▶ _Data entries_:

******************************

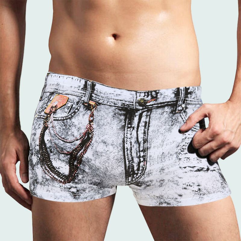 1/2 * Men's Faux Denim Printed Cotton Boxer Briefs
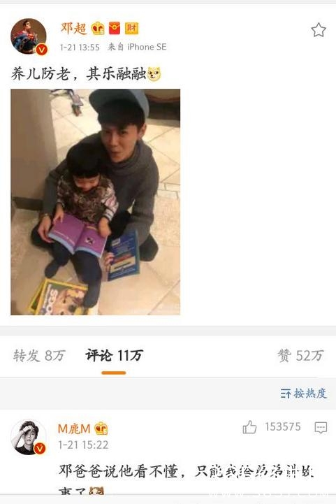 这次历来喊邓超为“超爸爸”的鹿晗来看望他,邓超就发了一篇微博,是傻狍子和等等在一起玩的照片,还配上文字说“养儿防老,其乐融融”
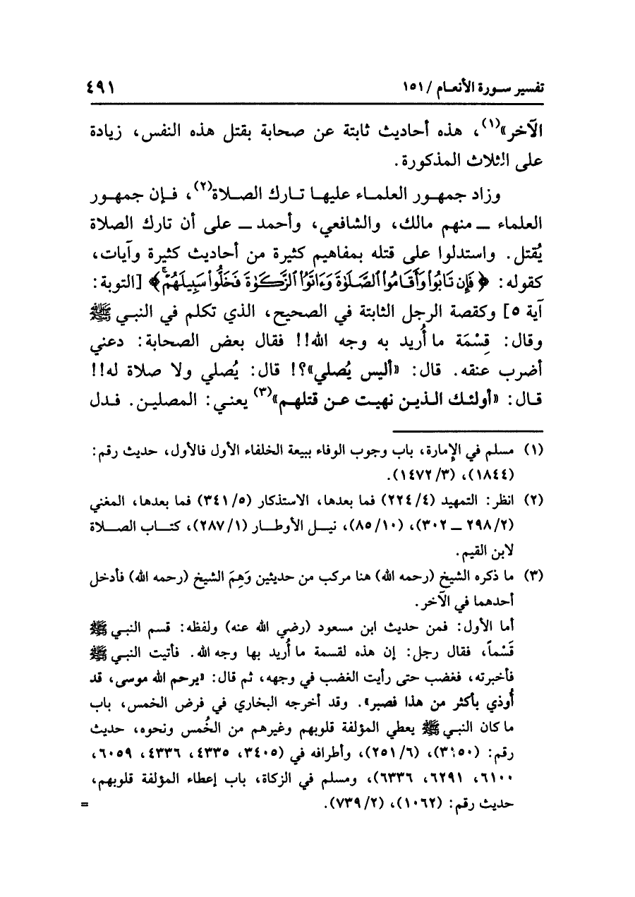 وزَاد جمهور العلماء عليها: تارك الصلاة (¬٢)، فإن جمهور العلماء -منهم مالك، والشافعي، وأحمد- على أنَّ تَارِكَ الصلاة يُقْتَل، واستدلوا على قتله بمفاهيم كثيرة من أحاديث كثيرة وآيات، كقوله: {فَإِن تَابُواْ وَأَقَامُواْ الصَّلَاةَ وَآتَوُاْ الزَّكَاةَ فَخَلُّواْ سَبِيلَهُمْ} [التوبة: آية ٥] وكقصة الرجل الثابتة في الصحيح، الذي تكلم في النبي - صلى الله عليه وسلم - وقال: قِسْمَة ما أُريد به وجْه الله!! فقال بعض الصحابة: دَعْنِي أضرب عنقه. قال: «أَلَيْسَ يُصَلِّي»؟! قال: يُصلي ولا صلاة له!! قال: «أُولَئِكَ الَّذِينَ نُهِيتُ عَنْ قَتْلِهِمْ» (¬٣)
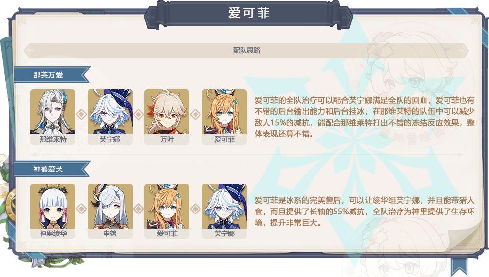 2、爱可菲抽取建议:0命机制就完整,有资源条件非常推荐抽一个,冰系主C必抽的专辅,也是一个非常不错的对策卡,0命冰水C都能用,命座仅提升对冰C的辅助能力,1、2命提升比较大,6命氪佬可以冲
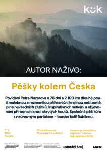 Povídání Petra Nazarova o 76 dní a 2 100 km dlouhé pouti malebnou a rozmanitou příhraniční krajinou naší země, plné nevšedních zážitků, inspirativních setkání a objevování přírodních krás i skrytých koutů. Společná pěší túra s neúnavným parťákem – border kolií Bublinou.
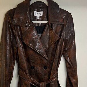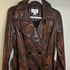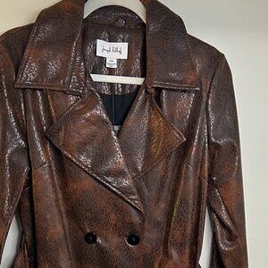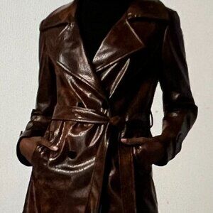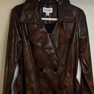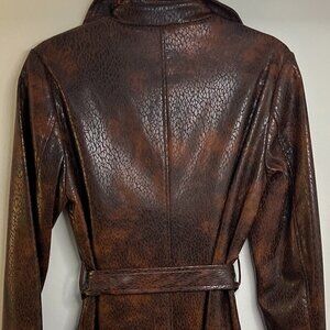 Joseph Ribkoff Brown Faux Leather Belted Double-Breasted Coat Size M
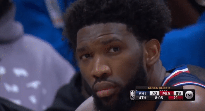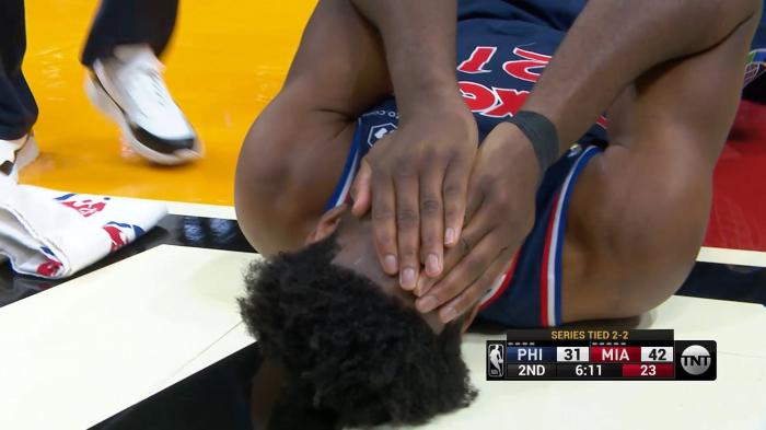 JRS直播网05月11日讯 ,NBA季后赛东部半决赛,76人客场35分惨败热火,大比分2-3落后丢掉赛点,恩比德全场12投7中拿到17分5篮板2助攻,上半场仅6分遭狠批,飞身救球太拼,骨折的面部被球砸太痛苦;下半场第三节爆发仍无济于事,最终输掉天王山。
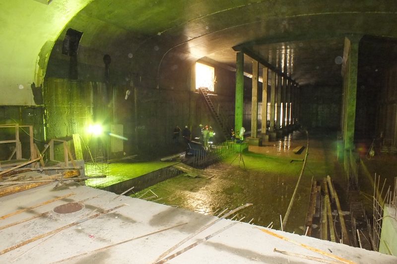 – На сегодняшний день мы имеем недостроенный вентиляционный ствол, недостроенный второй выход, который должен располагаться по улице К.Путь. Задача на период сухой консервации этот выход заторцевать, чтобы вода не попадала. На месте шахтного ствола, через который происходит погрузка, выгрузка всех стройматериалов, будет венткиоск. Далее платформенная часть, далее станционная водоотливная установка, тоже будет доведена до проектного положения, – пояснил технический директор КУОО «Управление заказчика по строительству транспортных объектов и гидротехнических сооружений» Владимир Плеханов.
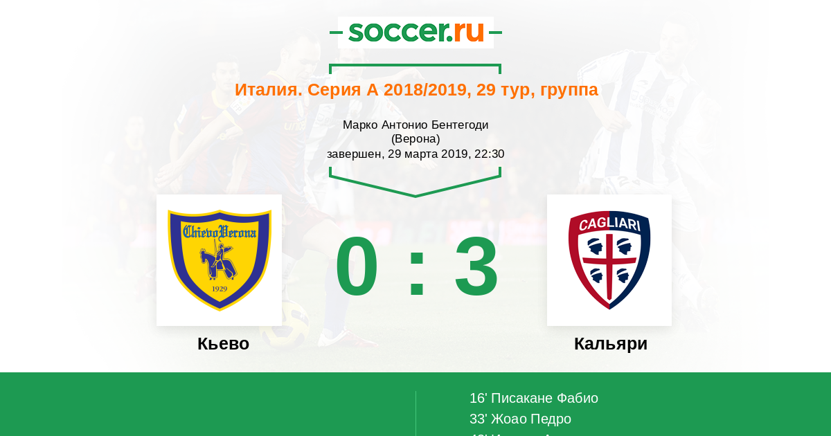 33' (0:2) Жоао Педро (10) (Барелла Николо (18))
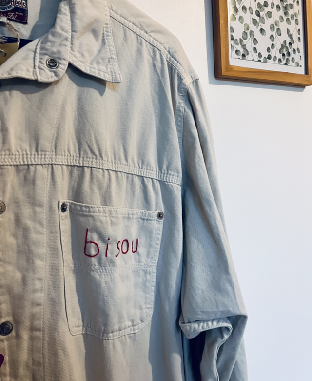 Pièce unique réalisée à partir d’un vêtement vintage soigneusement chiné et sélectionné 1 par 1 . Chaque création est entièrement brodée à la main, ce qui la rend singulière et non reproductible. Le vêtement est issu de l’upcycling : il a été revalorisé dans une démarche responsable, en lui offrant une seconde vie à travers un travail textile artisanal. De légères traces du temps peuvent être présentes et font partie intégrante de son histoire et de son authenticité.
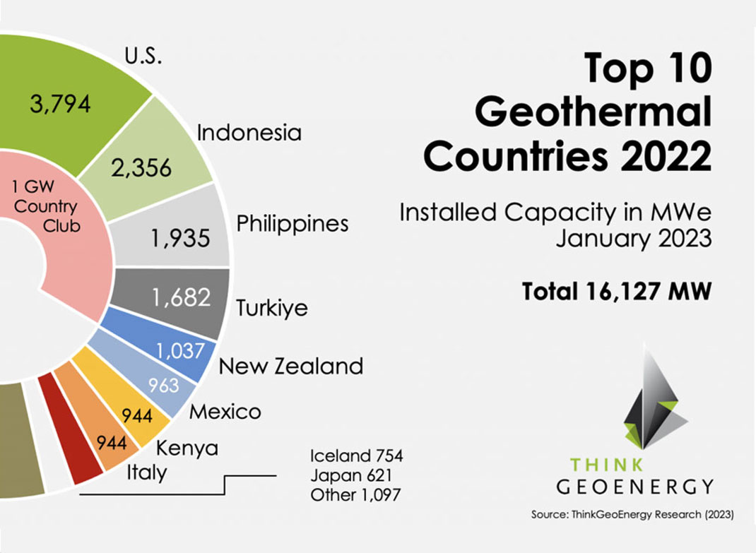 Con el mundo aparentemente volviendo a la normalidad después del covid, el crecimiento general de la capacidad de generación de energía geotérmica sigue siendo bajo. Solo 8 países agregaron capacidad de generación de energía geotérmica con un total de 16 plantas adicionales. Kenia (83 MW), Indonesia (80 MW) y EE. UU. (72 MW) mostraron el mayor crecimiento. Nicaragua vio la adición de 10,4 MW justo antes de fin de año. Se informaron otras adiciones en China, Filipinas y Japón. La capacidad total instalada de generación de energía geotérmica a fines de 2022 fue de 16.127 MW, un aumento de 286 MW con respecto a 2021. Aquí el Top 10 de países geotérmicos a fin de año 2022:

******************************

▶ _EXERCISE INSTRUCTIONS_: If a record contains a picture, drop the picture and repeat the rest exactly.

▶ _COMPLETED EXERCISE_:
 1/2 * Men's Faux Denim Printed Cotton Boxer Briefs
 这次历来喊邓超为“超爸爸”的鹿晗来看望他,邓超就发了一篇微博,是傻狍子和等等在一起玩的照片,还配上文字说“养儿防老,其乐融融”
 وزَاد جمهور العلماء عليها: تارك الصلاة (¬٢)، فإن جمهور العلماء -منهم مالك، والشافعي، وأحمد- على أنَّ تَارِكَ الصلاة يُقْتَل، واستدلوا على قتله بمفاهيم كثيرة من أحاديث كثيرة وآيات، كقوله: {فَإِن تَابُواْ وَأَقَامُواْ الصَّلَاةَ وَآتَوُاْ الزَّكَاةَ فَخَلُّواْ سَبِيلَهُمْ} [التوبة: آية ٥] وكقصة الرجل الثابتة في الصحيح، الذي تكلم في النبي - صلى الله عليه وسلم - وقال: قِسْمَة ما أُريد به وجْه الله!! فقال بعض الصحابة: دَعْنِي أضرب عنقه. قال: «أَلَيْسَ يُصَلِّي»؟! قال: يُصلي ولا صلاة له!! قال: «أُولَئِكَ الَّذِينَ نُهِيتُ عَنْ قَتْلِهِمْ» (¬٣)
 2、爱可菲抽取建议:0命机制就完整,有资源条件非常推荐抽一个,冰系主C必抽的专辅,也是一个非常不错的对策卡,0命冰水C都能用,命座仅提升对冰C的辅助能力,1、2命提升比较大,6命氪佬可以冲
 Povídání Petra Nazarova o 76 dní a 2 100 km dlouhé pouti malebnou a rozmanitou příhraniční krajinou naší země, plné nevšedních zážitků, inspirativních setkání a objevování přírodních krás i skrytých koutů. Společná pěší túra s neúnavným parťákem – border kolií Bublinou.
 Joseph Ribkoff Brown Faux Leather Belted Double-Breasted Coat Size M
 JRS直播网05月11日讯 ,NBA季后赛东部半决赛,76人客场35分惨败热火,大比分2-3落后丢掉赛点,恩比德全场12投7中拿到17分5篮板2助攻,上半场仅6分遭狠批,飞身救球太拼,骨折的面部被球砸太痛苦;下半场第三节爆发仍无济于事,最终输掉天王山。
 – На сегодняшний день мы имеем недостроенный вентиляционный ствол, недостроенный второй выход, который должен располагаться по улице К.Путь. Задача на период сухой консервации этот выход заторцевать, чтобы вода не попадала. На месте шахтного ствола, через который происходит погрузка, выгрузка всех стройматериалов, будет венткиоск. Далее платформенная часть, далее станционная водоотливная установка, тоже будет доведена до проектного положения, – пояснил технический директор КУОО «Управление заказчика по строительству транспортных объектов и гидротехнических сооружений» Владимир Плеханов.
 33' (0:2) Жоао Педро (10) (Барелла Николо (18))
 Pièce unique réalisée à partir d’un vêtement vintage soigneusement chiné et sélectionné 1 par 1 . Chaque création est entièrement brodée à la main, ce qui la rend singulière et non reproductible. Le vêtement est issu de l’upcycling : il a été revalorisé dans une démarche responsable, en lui offrant une seconde vie à travers un travail textile artisanal. De légères traces du temps peuvent être présentes et font partie intégrante de son histoire et de son authenticité.
 Con el mundo aparentemente volviendo a la normalidad después del covid, el crecimiento general de la capacidad de generación de energía geotérmica sigue siendo bajo. Solo 8 países agregaron capacidad de generación de energía geotérmica con un total de 16 plantas adicionales. Kenia (83 MW), Indonesia (80 MW) y EE. UU. (72 MW) mostraron el mayor crecimiento. Nicaragua vio la adición de 10,4 MW justo antes de fin de año. Se informaron otras adiciones en China, Filipinas y Japón. La capacidad total instalada de generación de energía geotérmica a fines de 2022 fue de 16.127 MW, un aumento de 286 MW con respecto a 2021. Aquí el Top 10 de países geotérmicos a fin de año 2022:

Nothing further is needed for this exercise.